Pour leurs propres débuts dans le long métrage, Cronenberg combinait Le Corbusier et Wilhelm Reich, dans une fable ironique et mélancolique sur le contrôle et le désir polymorphe, alors que Romero, en 1968, lançait à l’assaut du cimetière de la normalité ses zombies marxistes et tragiques (avec sa famille meurtrière et cannibale, il délocalisait les Atrides à Pittsburgh, pour ainsi dire). Mickle et son scénariste-acteur, Nick Damici, citent leurs sources, puisque le final reprend quasiment à l’identique la coda sinistre de La Nuit des morts-vivants, relue aussi par Lawrence Gough dans son féminin Salvage. Ils n’oublient pas non plus Hitchcock, lors d’un clin d’œil avec le fils se défendant au moyen du flash d’un appareil photo, comme James Stewart aveuglait Raymond Burr dans Fenêtre sur cour, autre huis clos et parabole sur l’impuissance (sexuelle et scopique). On pense aussi à D’origine inconnue de Cosmatos, efficace duel entre le yuppie Peter Weller et un rat monstrueux (sans effets spéciaux particuliers mais avec Shannon Tweed !). Le projet original prévoyait par ailleurs un énième film de morts-vivants et il en reste des traces dans les attaques des enragés, avec une saveur assez épicée tout droit venue du cinéma d’exploitation des années 80 visionné en VHS (cf. l’affrontement du boxeur avec un homme-rat aux oreilles pointues à la Nosferatu le vampire).
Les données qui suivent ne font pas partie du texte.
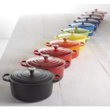 Cuisson au Four : La température maximale supportée par les produits dont les boutons de couvercle sont en phénolique noire est de 200°C / 392°F / thermostat 5 (en Europe thermostat 6 pour les fours à gaz). Les produits comportant des poignées en fonte ou en inox peuvent être utilisés à toutes températures. Les ustensiles munis de poignées ou de boutons en bois ne doivent pas être utilisés au four. Pour le bouton phénolique noir, la température maximale d’utilisation au four est de 200°C/390°F/Thermostat 6. Les produits avec poignées fonte et/ou bouton métal inox, ci-après, peuvent être utilisés au four sans limitation de température.Fours à revêtement en fonte : Ne placez aucun article de cuisson sur la sole d’un four habillé de fonte. Cela augmenterait la température de l’ustensil et accélérait donc la vitesse de cuisson au détriment de la qualité. Pour de meilleurs résultats, posez-le toujours sur une grille ou sur une plaque. L’émail noir satin est principalement utilisé sur des articles comme les grills, les skillets, les skillet grils, les poêles, les sauteuses, les woks, les tajines plus spécifiquement étudiés pour griller, frire et faire sauter et certaines cocottes. L’émail noir satin a été spécialement conçu pour cuire à des températures relativement élevées mais avec un réglage modéré de la source de chaleur. La fonte a une telle capacité de rétention de la chaleur qu’elle chauffe le récipient uniformément à feu moyen. Les températures élevées provoquent une surchauffe et une adhérence des aliments. Vous obtiendrez de meilleurs résultats à des températures moyennes et douces. L’émail noir satin à l’usage prendra une patine noir bruni. Celle-ci est liée à l’action des huiles et des graisses des aliments sur la surface chaude. Elle accroît la performance de la cuisson et le glissement des aliments sur la surface. À terme, elle permet d’utiliser moins de matières grasses.Griller : Grils et skillet grils exigent un préchauffage à vide qui permettra à la surface de cuisson d’atteindre la température élevée nécessaire pour caraméliser ou dorer. Ce conseil ne s’applique pas aux autres produits. Les marques typiques de grillade n’apparaîtront pas si la surface de cuisson est trop froide ou si l’aliment est trop humide. Utilisez le papier de cuisine pour éliminer l’excès d’humidité (y compris pour les aliments marinés). Pour éviter surchauffe et fumée éventuelles, ne chauffez pas d’huile dans une poêle froide. Placez le gril vide sur feu moyen et laissez-le chauffer. Trempez vos doigts dans l’eau et jetez-en quelques gouttes sur la surface chaude. Si elles grésillent et s’évaporent immédiatement, votre poêle est chaude et prête à être utilisée ; sinon, laissez la poêle chauffer encore et répétez le test de l’eau. Lorsque la surface est chaude, huilez-la légèrement à l’aide d’un vaporisateur d’huile ou d’un pinceau de cuisine en silicone Le Creuset. Pour que les marques de grillade soient bien nettes, laissez l’aliment suffisamment longtemps sur la surface de cuisson avant de le retourner, les aliments doivent se détacher tous seuls, sinon continuer la cuisson.Frire et faire sauter : Frire et faire sauter un aliment exige de faire chauffer le récipient et la matière grasse en même temps. Le corps gras est assez chaud lorsque vous observez sur sa surface, pour l’huile une légère ondulation ou, pour le beurre et les autres graisses, une formation de bulles ou de mousse.

Les personnages manquent certes de profondeur, et la réalisation s’apparente plus à de la fonctionnalité qu’à autre chose – enfonçons une porte ouverte : pauvreté de moyens ne signifie pas pauvreté d’idées ou d’exécution – mais le film se suit (assez) sans déplaisir, la galerie de victimes ne se résumant pas qu’à de la chair à canon (ou à raton). De l’ensemble émergent les beaux visages fatigués ou blessés de Bo Corre et Kim Blair (ex-petite amie du réalisateur), femmes promises au trépas, loin de la seconde chance, de la tendresse d’une étreinte masculine. L’œuvre s’achève sur le cadavre de la fille, tuée par les forces de l’ordre en combinaison antiradiation (comme dans le nanar croquignolet de Bruno Mattei servant de sous-titre à notre article), lâchant depuis les hauteurs, sous le ciel indifférent, le peignoir de son frère d’armes, qui vient délicatement recouvrir les deux corps du père et de l’ami associés dans une dernière posture sur le macadam, brisés par leur chute, tel un suaire verdâtre jetant un voile sur leurs amours entre hommes. Dans une œuvre plus « politique », il s’agirait sans doute du drapeau américain (présent sur l’affiche de Stake Land) ; là, Mickle, pour son générique de fin, cadre en contre-plongée des buildings obscurs qui renvoient une ultime fois à l’ombre des deux tours effondrées.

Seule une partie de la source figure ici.